On Fri, 2008-02-15 at 00:30 -0800, Mike wrote:
> On Sep 18 2007, 11:09 pm, Amit Ramon <[EMAIL PROTECTED]> wrote:
> >
> > I read the documentation of gettext_noop and its template counterpart {%
> > trans "value" noop %} and I must admit I still don't understand their use
> > cases and usage.
> >
> > This is what djangobook says:
> >
> > --------x-------------------
> > "Marking strings as no-op
> > Use the function django.utils.translation.gettext_noop() to mark a string 
> > as a
> > translation string without translating it. The string is later translated
> > from a variable.
> >
> > Use this if you have constant strings that should be stored in the source
> > language because they are exchanged over systems or users -- such as strings
> > in a database -- but should be translated at the last possible point in 
> > time,
> > such as when the string is presented to the user."
> > --------x-------------------
> >
> > I might be dumb, but could someone shed some light on this, and show an
> > example of no-op'ed strings and late translation of it for the novice user?
> > What is the use case here?
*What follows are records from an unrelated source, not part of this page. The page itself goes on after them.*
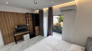 Featuring free toiletries and bathrobes, this twin/double room includes a private bathroom with a bath, a shower and a bidet. The air-conditioned twin/double room features a flat-screen TV, a tea and coffee maker, a dining area, a wardrobe as well as sea views. V této ubytovací jednotce se nachází 2 postele.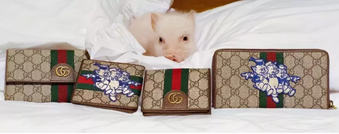 本次GUCCI豬年系列除了經典的雙環LOGO,最引人注目的便是“三只小豬” 激光切割貼布繡圖案了。可愛的豬豬貼布繡正是來自于迪士尼的經典動畫形象——《三只小豬》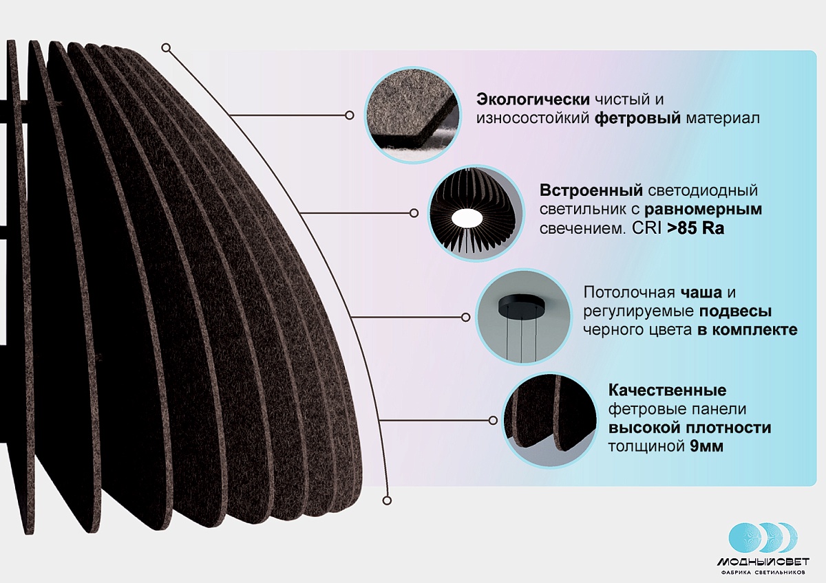 Подвесной светильник MODALINE ROUND BELL90 – это элегантное и функциональное решение для освещения вашего интерьера. Уникальный абажур, собранный вручную из мягких фетровых панелей, создает теплую и приглушенную атмосферу, рассеивая свет мягко и равномерно. Фетр не только приятен на ощупь, но и обладает отличными звукопоглощающими свойствами, что способствует созданию более комфортной акустической среды в помещении.

How a string is translated from a variable? When?
> 
> Me is stupid, too. What is that mysterious variable? Somebody, please
> help!

There's little practical usage for this in Django. It's something that
was copied over from the standard gettext API. Because there's nothing
equivalent to gettext_lazy in C (or Javascript, see below), you need to
use gettext_noop in situations like this:

        msgs = [
           gettext_noop('hello'),
           gettext_noop('goodbye')
        ]
        
        
        def foo(...):
            print gettext(msgs[index])
        
When foo() is called, the msgs[index] entry will be translated using the
currently active locale. That's all well and good, but you have to let
the string-extraction tools (xgettext, or make-messages.py in Django's
parlance) know that the strings inside the msgs lists need to pulled out
for translators. So gettext_noop is used to mark the strings: xgettext
knows to look for things wrapped in gettext_noop and pull then out.
Other than that, it does nothing (it's a no-op function).

This only place where you might this inside Django is in Javascript
files, if you're building up a list of messages that are later going to
be run through gettext() before printing. Note that it's important to
only run the strings through gettext() at the time of output, because at
the time you're creating/compiling the file, you don't know what the
currently active locale is. So you might have an array of Javascript
strings that are canned responsed or something. Marking them with
gettext_noop means that make-messages.py knows to pull them into the PO
file.

I hope that makes things a bit clearer.

Regards,
Malcolm

-- 
For every action there is an equal and opposite criticism.